Doing a 50% water change as we speak... Adding API-Pimafix to water


----------



## sawman88 (Sep 29, 2008)

i hear you man comming home to see a dead fish is gut wreanching. i too have though a few times that f**k it im tired of fish. but i remembre what my mentor told me when i first got into fish.. "livestock = deadstock" fish die sometimes. expecially when you have hundreds of fish. things happen sometimes thats out of our control and it sucks but you move on and try to learn from your mistakes .


----------



## Tanked (Sep 9, 2008)

sawman88 said:


> i hear you man comming home to see a dead fish is gut wreanching. i too have though a few times that f**k it im tired of fish. but i remembre what my mentor told me when i first got into fish.. "livestock = deadstock" fish die sometimes. expecially when you have hundreds of fish. things happen sometimes thats out of our control and it sucks but you move on and try to learn from your mistakes .


Ahh tell me about it!!!

I was pissed right off when this one dyed, now my other keyhole looks like a hand grenade floating around ( kinda funny) but i hope he makes it.. And yet my two corys are acting like nothing the matter.

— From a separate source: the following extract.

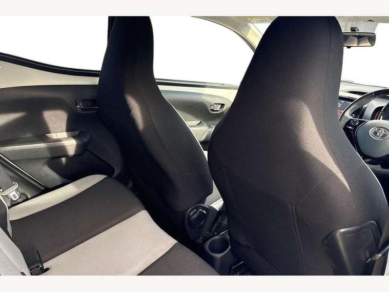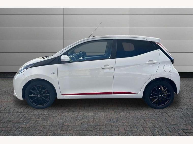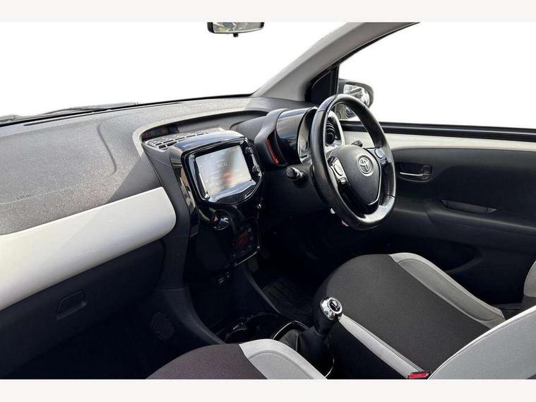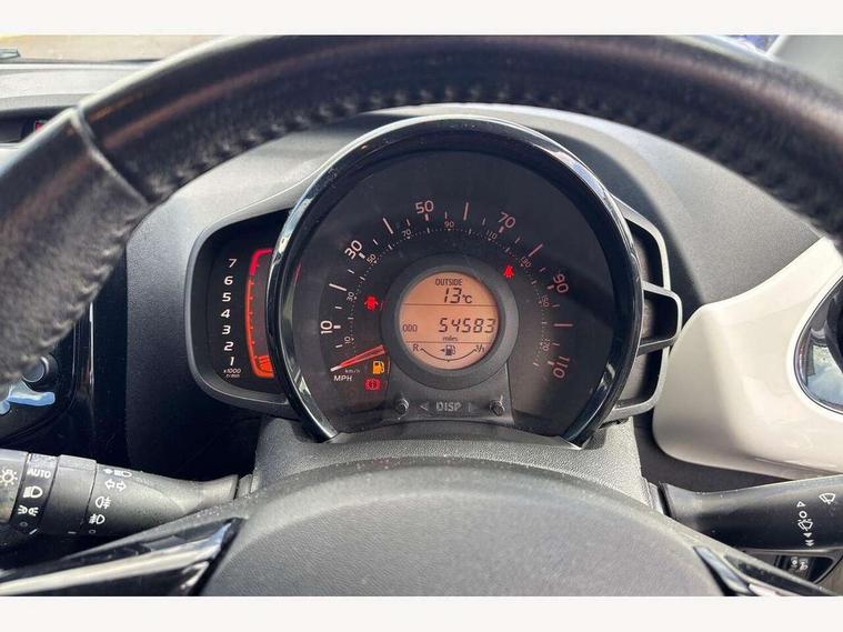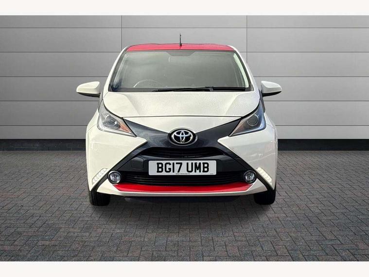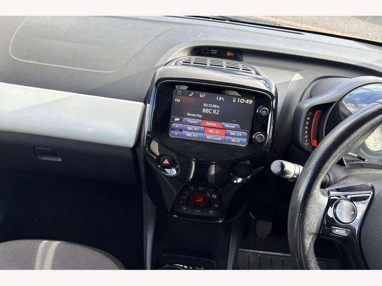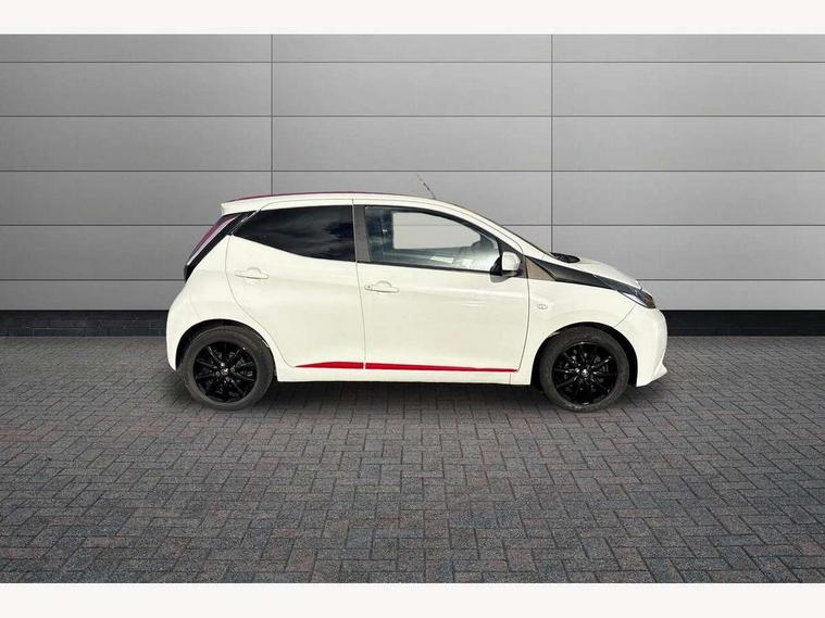 7" touch screen, Bluetooth system, Digital clock, Electric power steering, Fuel indicator with low level warning, Lights on warning, MirrorLink, Rear view camera, Speed limiter, Tachometer, Vehicle Stability Control (VSC), 4 speakers, Auxiliary input socket, Bluetooth audio streaming, DAB Digital radio, Multimedia System, Stereo radio, USB connection, 2 speed wipers/variable intermittent/mist function, Automatic headlights, Body colour bumpers, Body colour door handles, Body colour door mirrors, Electric adjustable door mirrors, Electric front windows, Front fog lights, Green tinted glass, Headlamp levelling, Heated door mirrors, Heated rear windscreen, LED daytime running lights, Privacy glass, Rear spoiler, Rear window demister, Rear wiper, Red front bumper accent, Red roof decal, Red side sills, Roof mounted aerial, 12V Accessory socket, 3 spoke leather steering wheel, 50/50 split folding rear seat, Air recirculation system, Auto air conditioning, Body colour instrument panel, Centre console storage, Chrome insert to gearknob, Chrome interior door handles, Driver and passenger sunvisors, Driver's seat height adjuster, Driver/passenger seat recline/slide adjust, Driver/passenger vanity mirrors with covers, Front and rear door pockets, Front cupholder, Front map reading lights, Front sports seats, Gleam cloth upholstery, Glovebox, Height adjustable front head restraints, Isofix system on outer rear seats, Leather gear knob, Pollen filter, Rear cupholders, Rear headrests, Steering wheel mounted radio/phone controls, Stepless tilt adjustable steering column, Storage bins on all doors, Tonneau cover, Outburst pack red pop - Aygo, ABS, Driver and passenger airbags, ESP, Fasten seatbelt reminder, Front side airbags, Height adjustable front seatbelts with pre-tensioners and load limiters, Hill start assist, Passenger airbag deactivate switch, Rear child proof door locks, Side curtain airbags, Tyre pressure warning, Engine immobiliser, Lockable fuel cap, Remote central locking, Body colour dashboard, Gloss black air vent surround, Gloss black centre console, Tyre repair kit,

I'd love to learn from my mistake.. If i knew what it was.

Thanks for the reply


----------



## sawman88 (Sep 29, 2008)

humm could it be bloat? some fish are rally susectable to it. its uncommon for bloat to happen from flakes. but frozen brine shrimp and pellets can cause bloat. the fish eats too much food and then it expands in the water then POP. waht do you feed them? it would make sence that the cat fish would be unaffected by it.


----------



## Tanked (Sep 9, 2008)

sawman88 said:


> humm could it be bloat? some fish are rally susectable to it. its uncommon for bloat to happen from flakes. but frozen brine shrimp and pellets can cause bloat. the fish eats too much food and then it expands in the water then POP. waht do you feed them? it would make sence that the cat fish would be unaffected by it.


I feed them a decent flake food.. Nutrafin max- earth worm flakes with bits of dryed tubifex worms.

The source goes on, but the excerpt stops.